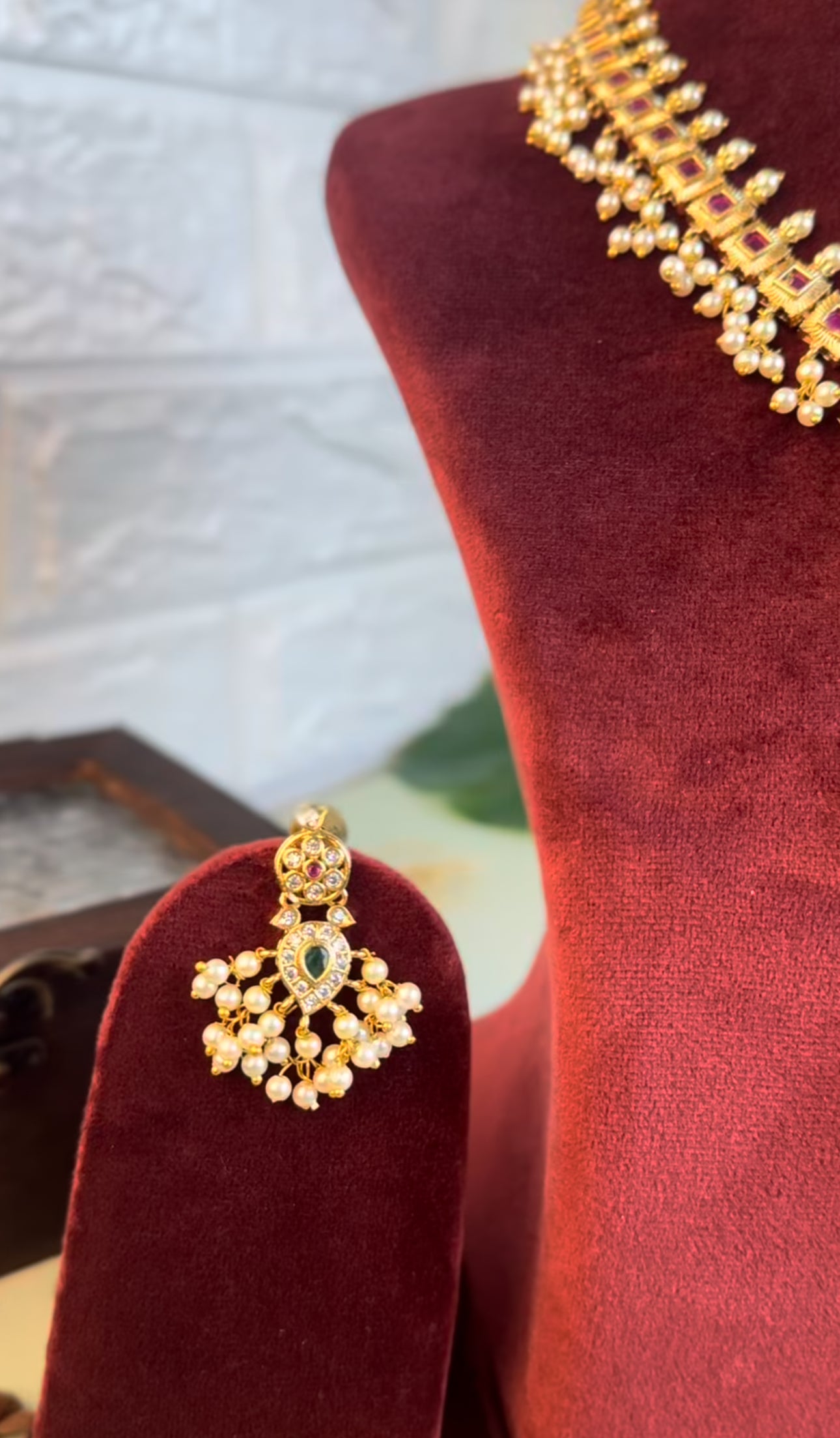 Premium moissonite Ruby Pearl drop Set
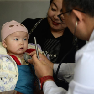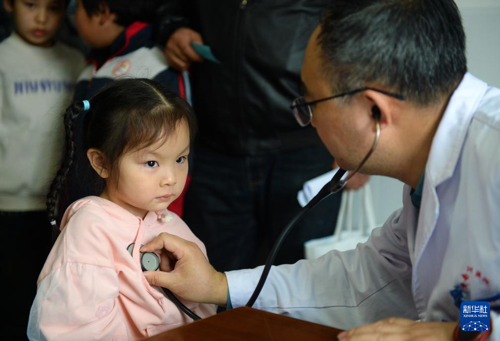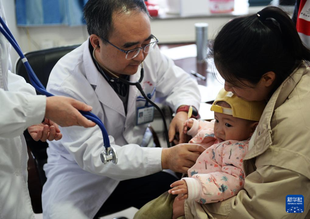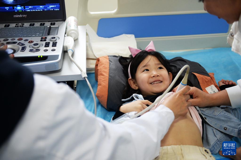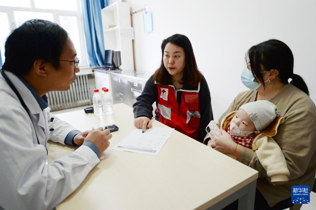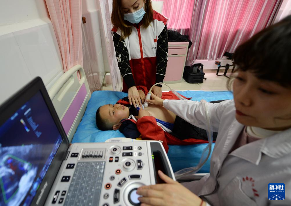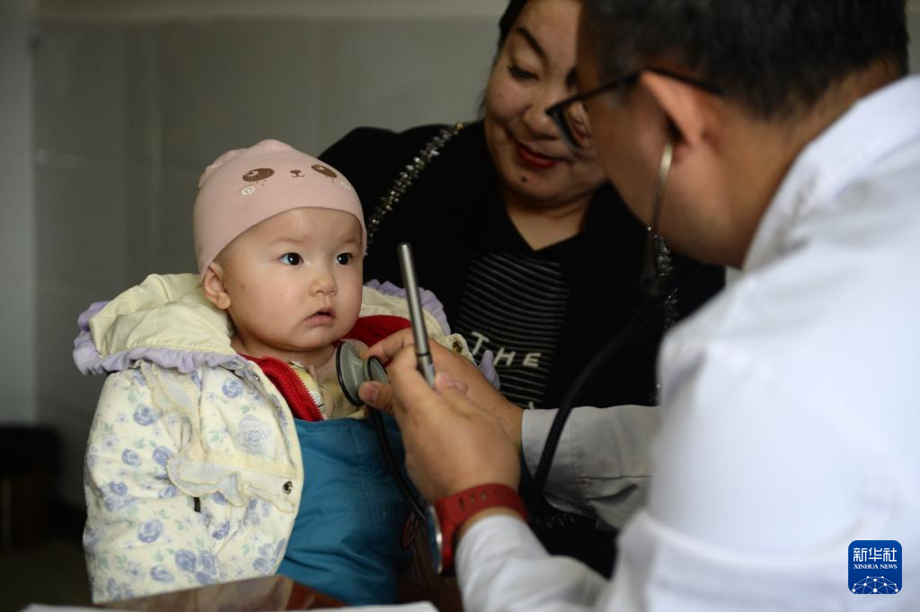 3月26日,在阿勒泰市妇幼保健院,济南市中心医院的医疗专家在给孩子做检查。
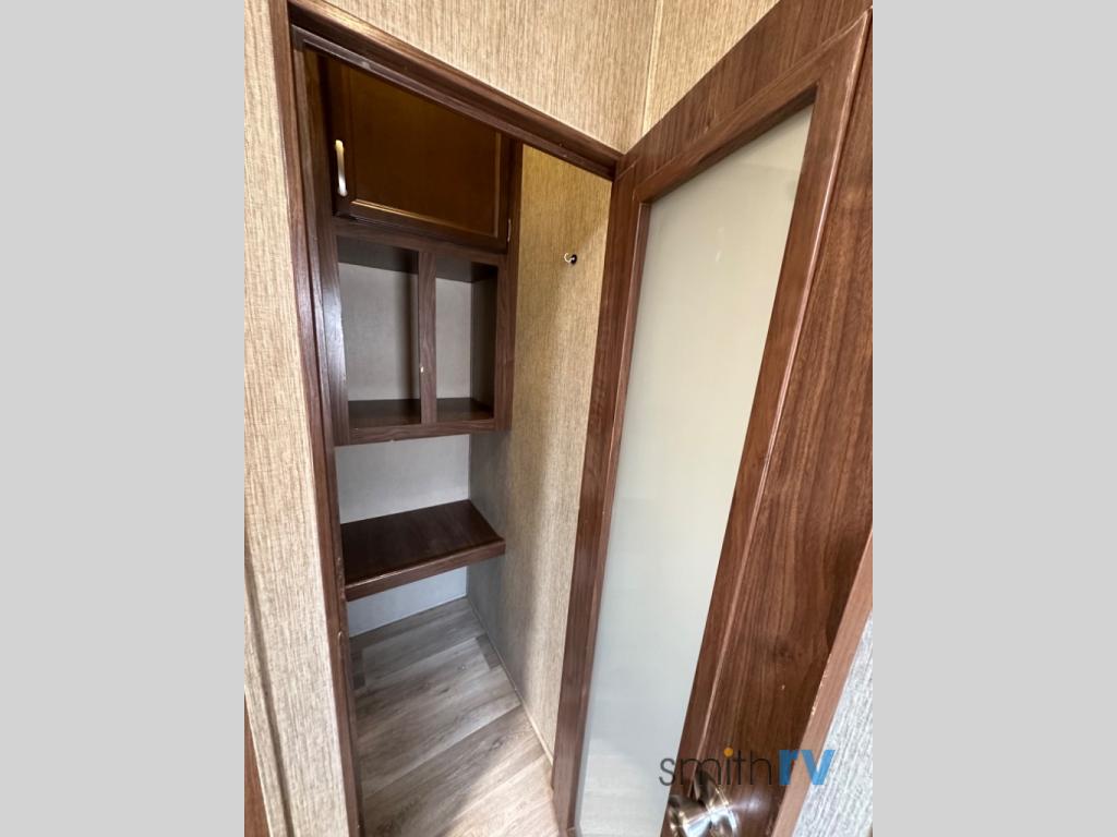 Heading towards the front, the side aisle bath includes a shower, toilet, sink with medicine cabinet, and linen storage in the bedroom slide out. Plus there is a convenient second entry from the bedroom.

__Aim of the exercise__
The listing is to be reproduced in full and exactly, except that its pictures are to be dropped.

__Answer to this exercise__
 Premium moissonite Ruby Pearl drop Set
 3月26日,在阿勒泰市妇幼保健院,济南市中心医院的医疗专家在给孩子做检查。
 Heading towards the front, the side aisle bath includes a shower, toilet, sink with medicine cabinet, and linen storage in the bedroom slide out. Plus there is a convenient second entry from the bedroom.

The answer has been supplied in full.